Late in '08 I wrote an essay on the early Superman stories of Siegel and Shuster, titled "OCD on a Hotplate" as a way of describing how Siegel's scripts seemed to "wander without knowing what effect they're shooting for." But even Siegel's scripts are governed by more of the Aristotelian unities than TROLL 2. Rossella Drudi's script for the film clearly is trying to riff on many things at once. Two aspects already noted in TROLL PLAYING PART 1 include both vampire tropes and folklore about cannibalistic boogiemen (for which Scandinavian trolls *might* actually be better suited than Celtic goblins). I'll also speculate that given the film's heavy emphasis on the goblins forcing the beleaguered human protagonists to eat tainted food so that the humans will turn into plants, Drudi might even have been influenced by the mythic motif I'll call "eating the otherworld's food," which invariably causes mortals from Persephone on down to remain in the otherworld. All of these myth-motifs could have been arranged into some impressive presentational order, perhaps on a par with Jim Henson's 1986 film LABYRINTH.

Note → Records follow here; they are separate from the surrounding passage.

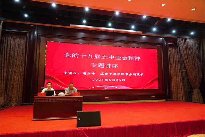 5月25日,贛州城投集團黨委舉辦黨的十九屆五中全會精神專題講座。市委講師團成員、瑞金干部學院常務副院長潘少平應邀授課,集團黨委副書記(主持工作)、總經理李國泉及集團全體高管、市管干部出席講座,集團黨委副書記黃家偉主持。
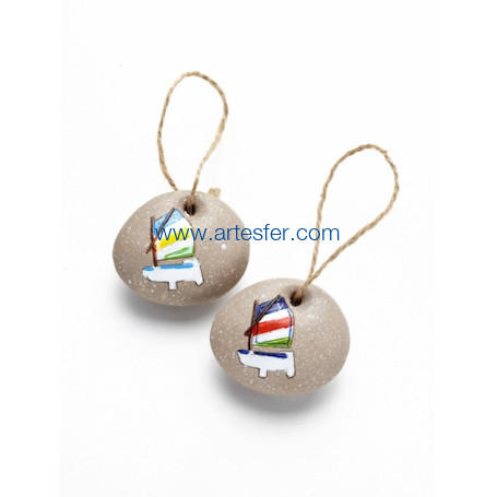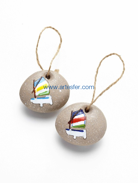 Estos colgantes guijarro pintados con unos bonitos veleros, podrán convertirse en un original llavero o en elemento decorativo suspendido en el pomo de una puerta. Una idea original que dará un toque marino en la casa.
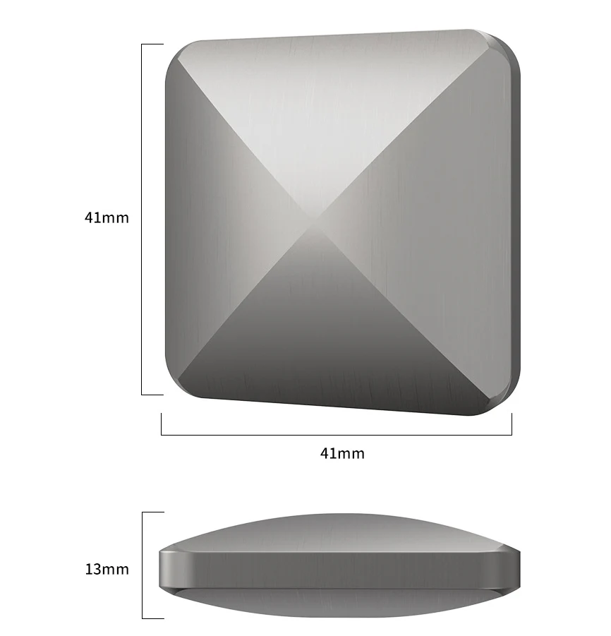 C’est un objet en forme de quadrilatère en acier inoxydable et alliage d’aluminium de 115 g.
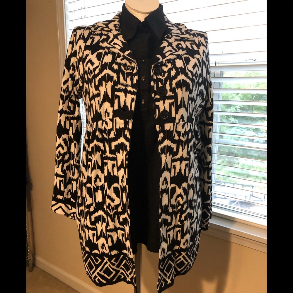 Black and white print jacket. Comfortable cotton material. Perfect condition. Does not include black shirt
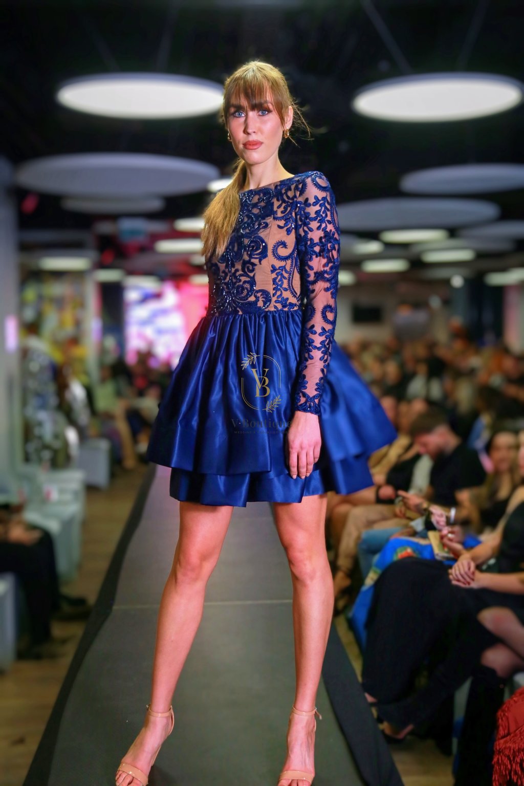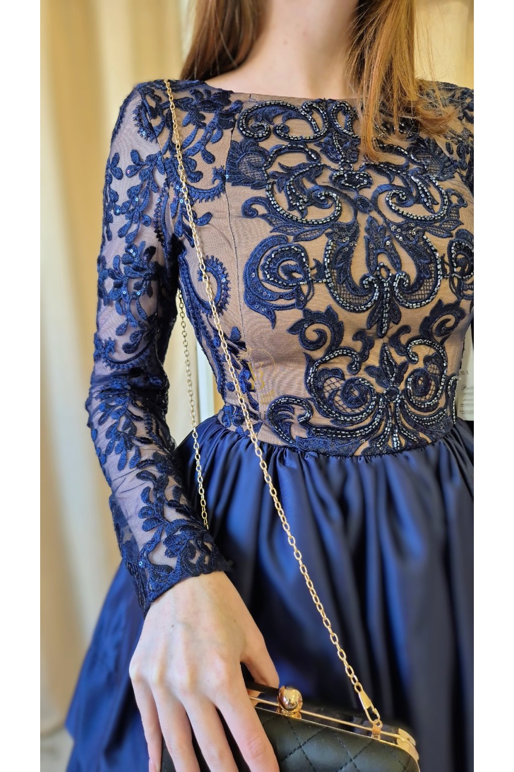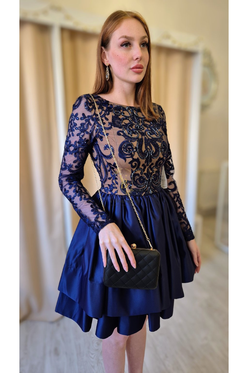 Tieto krátke spoločenské šaty v odtieni tmavomodrej farby zaujmú na prvý pohľad kombináciou luxusnej výšivky a ľahkej tylovej sukne. Bohato zdobený vrchný diel s dlhými rukávmi pôsobí elegantne a sofistikovane, zatiaľ čo hladká sukňa s jemným leskom dodáva modelu sviežosť a hravosť.
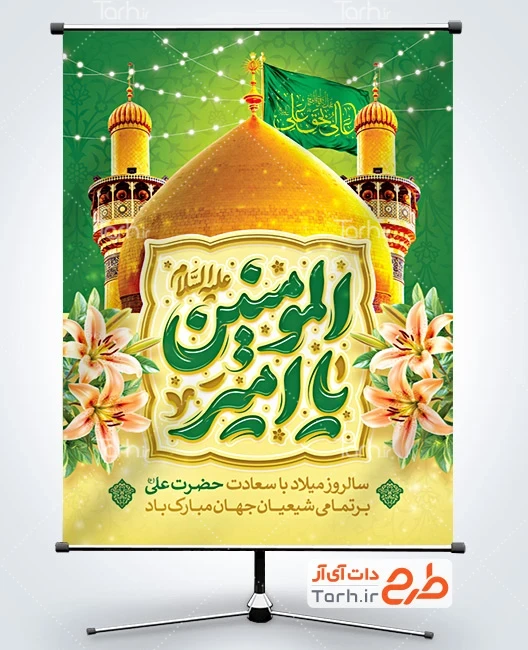 طرح پوستر ولادت امام علی شامل خوشنویسی یا امیرالمومنین کد فایل 8674925
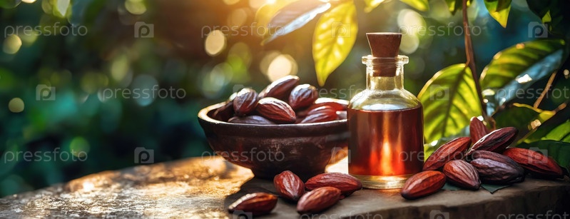 Миндальные орехи и масло в маленькой бутылке, окруженные зеленью на открытом воздухе

But of course, Drudi and her director-collaborator Claudio Fragasso DON'T manage to arrange their sensational concepts into any kind of order, and what one gets is pure pandemonium. There have been many popular authors whose essential way of impressing their public involves basically throwing everything plus the kitchen sink at the audience in the hope of grabbing its attention. It's been a particularly popular strategy in the world of animated cartoons, which as I noted here are often the first contact young audiences have with presentational symbols lacking any discursive rationale. Of course, when Tex Avery bombards his characters with rapid-fire sensational events lacking any rationale beyond "telling a joke," both he and his audience know that they're participating in this kind of non-discursive form of entertainment. I view this form as identical with the sort of non-discursive order that Langer finds in the fairytale, whose "purpose is to gratify wishes."

But though TROLL 2 has sequences that were probably meant to be broadly humorous by Drudi and Fragasso, Fragasso's complaint that audiences were laughing at a lot of the other sequences indicates that neither he nor his wife could see how weirdly incongrous their rewritings of archaic myths had turned out. It may be remembered that Schopenhauer considered incongruity the basic appeal of all humor, and TROLL 2 is almost as much a montage of incongruous scenes as Wood's GLEN OR GLENDA. If cannibal vegetarian goblins don't seem incongrous enough, one encounters also:

--The kid-character pissing on a table of tainted goblin-food to prevent his beloved family from eating it--

--a spectral protector, the kid's grandpa, who in one scene can blast a goblin with lightning and in another gives the kid a mundane Molotov cocktail to throw at the boogeymen--

--the aforementioned use of a "double decker baloney sandwich" as a crucifix--

--an evil witch-goblin who can transform herself into a hot babe who then proceeds to have sex with a young dude while popping him some popcorn in a unique manner--

--and the source of the evil ones' powers, a "Stonehenge magical stone" which the heroes use to defeat the goblins, even though the creatures come back for a horrific coda looking none the worse for their defeat.

Appropo of my "kitchen sink" remark, I'd be tempted to call all this "kitchen sink surrealism" if an online search hadn't shown me that the term has already been used for a distinct artistic movement. But maybe something like "presentational incoherence" would be just as good to distinguish works like TROLL 2 or GLEN OR GLENDA from works that may be equally non-discursive but which show more authorial control, as per the examples of Tex Avery and Jerry Siegel. Certainly the makers of TROLL 2-- including the actors, costumers, etc.-- were all guilty of incoherence of some sort, be it conceptual or purely linguistic.